## What to do
Reproduce the lines below exactly, from the one containing "不过,激烈的竞争同样存在,白" through the one containing "The maps compare", both included. Leave out any pictures.
═════ Information given
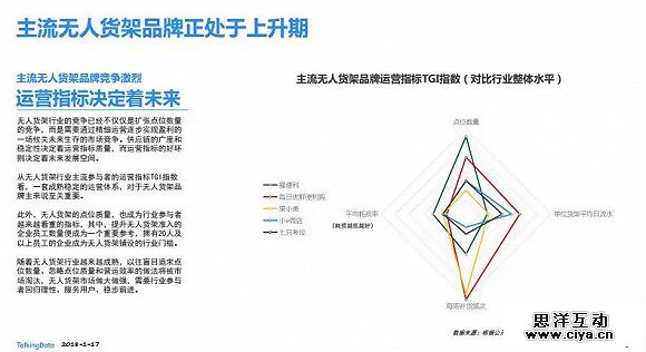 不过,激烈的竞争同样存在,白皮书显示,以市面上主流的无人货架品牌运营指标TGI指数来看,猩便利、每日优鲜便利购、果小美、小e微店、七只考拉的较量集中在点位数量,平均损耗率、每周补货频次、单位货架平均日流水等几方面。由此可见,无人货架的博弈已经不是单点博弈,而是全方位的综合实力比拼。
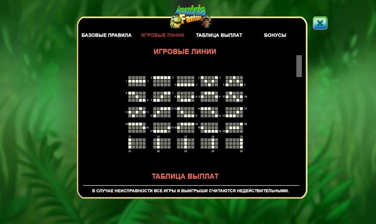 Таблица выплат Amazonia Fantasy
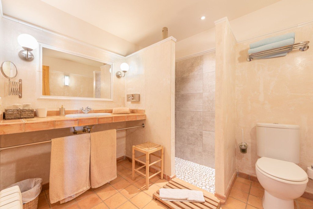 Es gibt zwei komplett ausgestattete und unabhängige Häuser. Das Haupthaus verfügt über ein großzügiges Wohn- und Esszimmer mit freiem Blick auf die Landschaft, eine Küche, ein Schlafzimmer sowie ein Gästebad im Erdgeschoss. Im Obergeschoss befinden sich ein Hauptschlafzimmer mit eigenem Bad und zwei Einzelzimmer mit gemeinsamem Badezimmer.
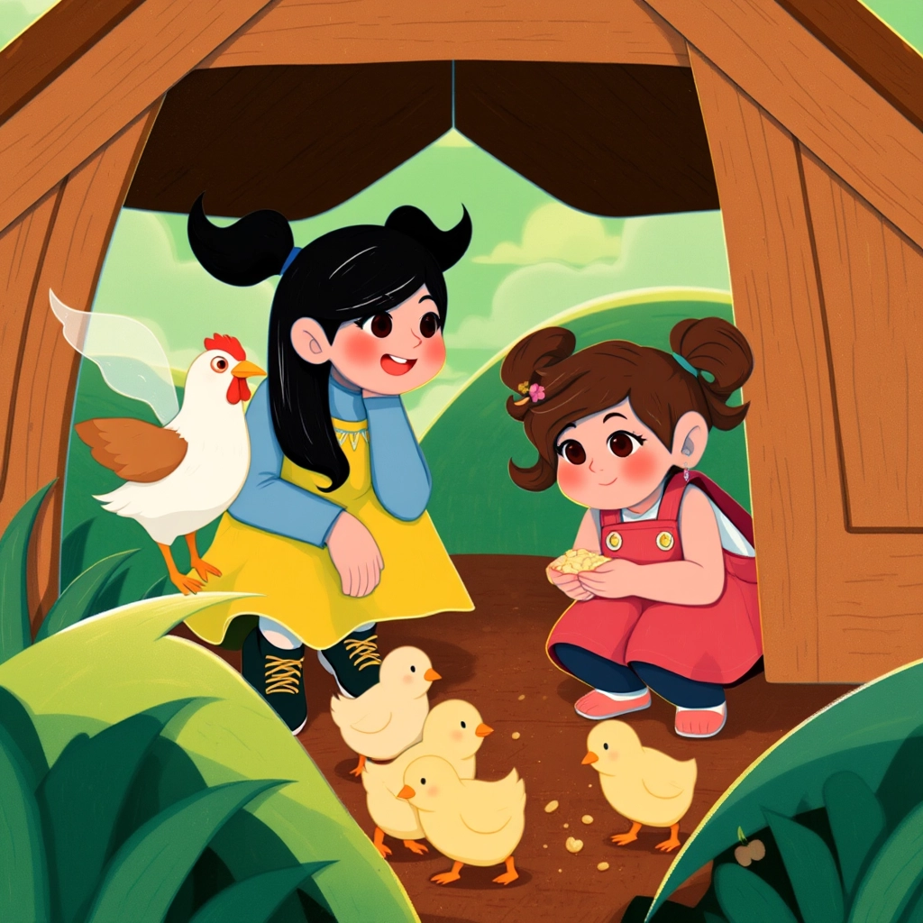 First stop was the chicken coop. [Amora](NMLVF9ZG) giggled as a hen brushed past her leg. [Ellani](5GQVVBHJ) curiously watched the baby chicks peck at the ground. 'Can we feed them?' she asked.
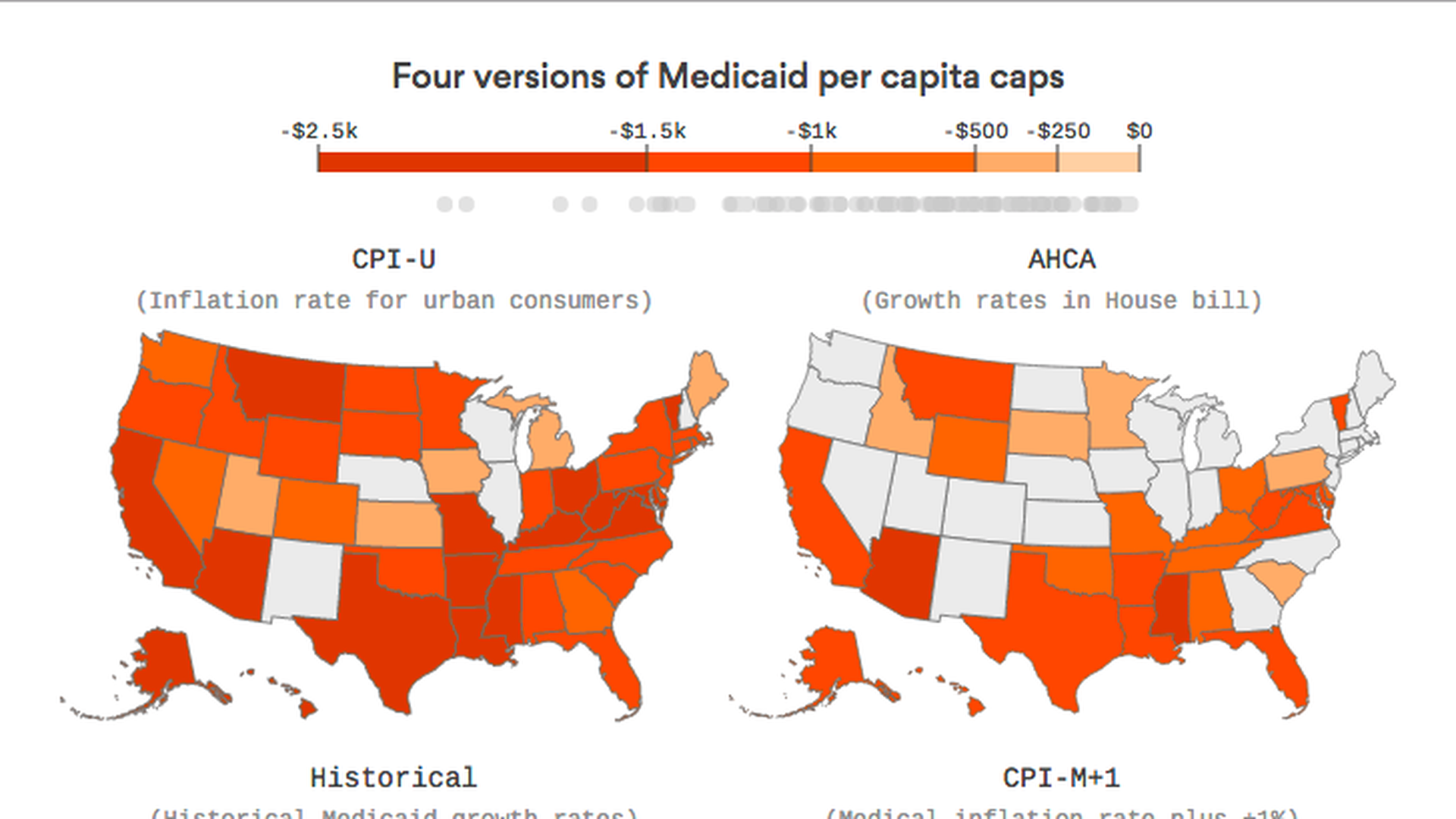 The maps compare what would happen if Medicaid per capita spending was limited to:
══════════
═════ Information given
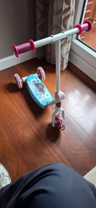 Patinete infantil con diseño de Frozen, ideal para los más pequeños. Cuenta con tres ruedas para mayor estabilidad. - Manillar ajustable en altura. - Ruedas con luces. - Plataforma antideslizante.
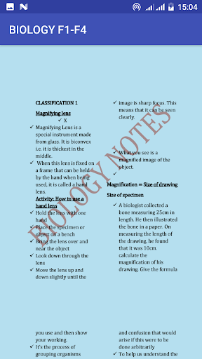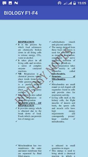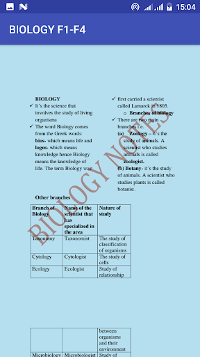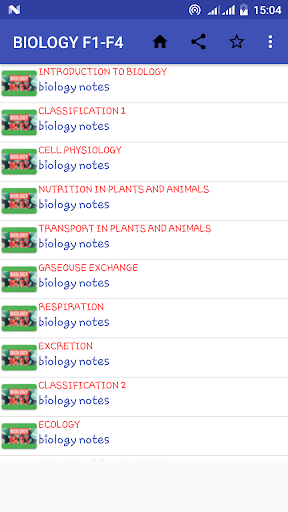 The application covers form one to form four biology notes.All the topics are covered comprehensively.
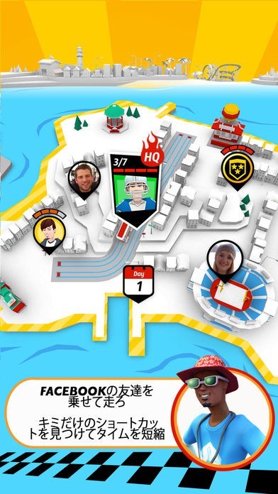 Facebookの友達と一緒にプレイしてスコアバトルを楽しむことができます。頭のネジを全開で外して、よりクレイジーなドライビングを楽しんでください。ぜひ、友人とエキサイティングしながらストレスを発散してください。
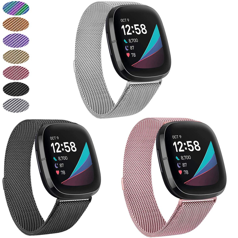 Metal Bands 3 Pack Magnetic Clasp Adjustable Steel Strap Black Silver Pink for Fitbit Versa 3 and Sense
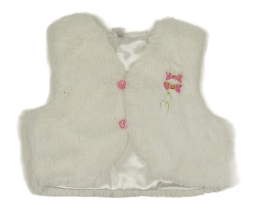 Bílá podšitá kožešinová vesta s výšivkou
══════════
═════ Information given
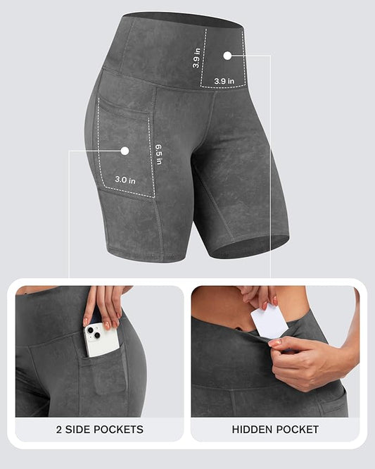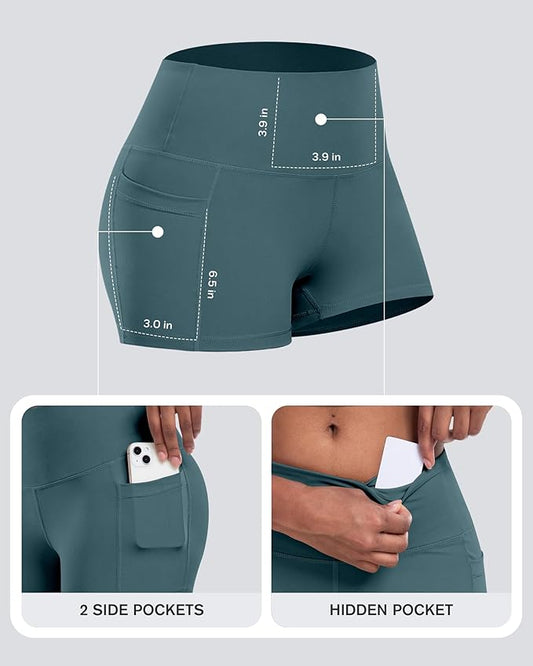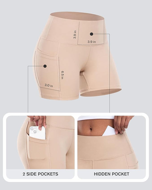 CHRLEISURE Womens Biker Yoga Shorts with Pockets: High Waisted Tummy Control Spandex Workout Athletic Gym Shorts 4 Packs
══════════
## Your solution
 不过,激烈的竞争同样存在,白皮书显示,以市面上主流的无人货架品牌运营指标TGI指数来看,猩便利、每日优鲜便利购、果小美、小e微店、七只考拉的较量集中在点位数量,平均损耗率、每周补货频次、单位货架平均日流水等几方面。由此可见,无人货架的博弈已经不是单点博弈,而是全方位的综合实力比拼。
 Таблица выплат Amazonia Fantasy
 Es gibt zwei komplett ausgestattete und unabhängige Häuser. Das Haupthaus verfügt über ein großzügiges Wohn- und Esszimmer mit freiem Blick auf die Landschaft, eine Küche, ein Schlafzimmer sowie ein Gästebad im Erdgeschoss. Im Obergeschoss befinden sich ein Hauptschlafzimmer mit eigenem Bad und zwei Einzelzimmer mit gemeinsamem Badezimmer.
 First stop was the chicken coop. [Amora](NMLVF9ZG) giggled as a hen brushed past her leg. [Ellani](5GQVVBHJ) curiously watched the baby chicks peck at the ground. 'Can we feed them?' she asked.
 The maps compare what would happen if Medicaid per capita spending was limited to:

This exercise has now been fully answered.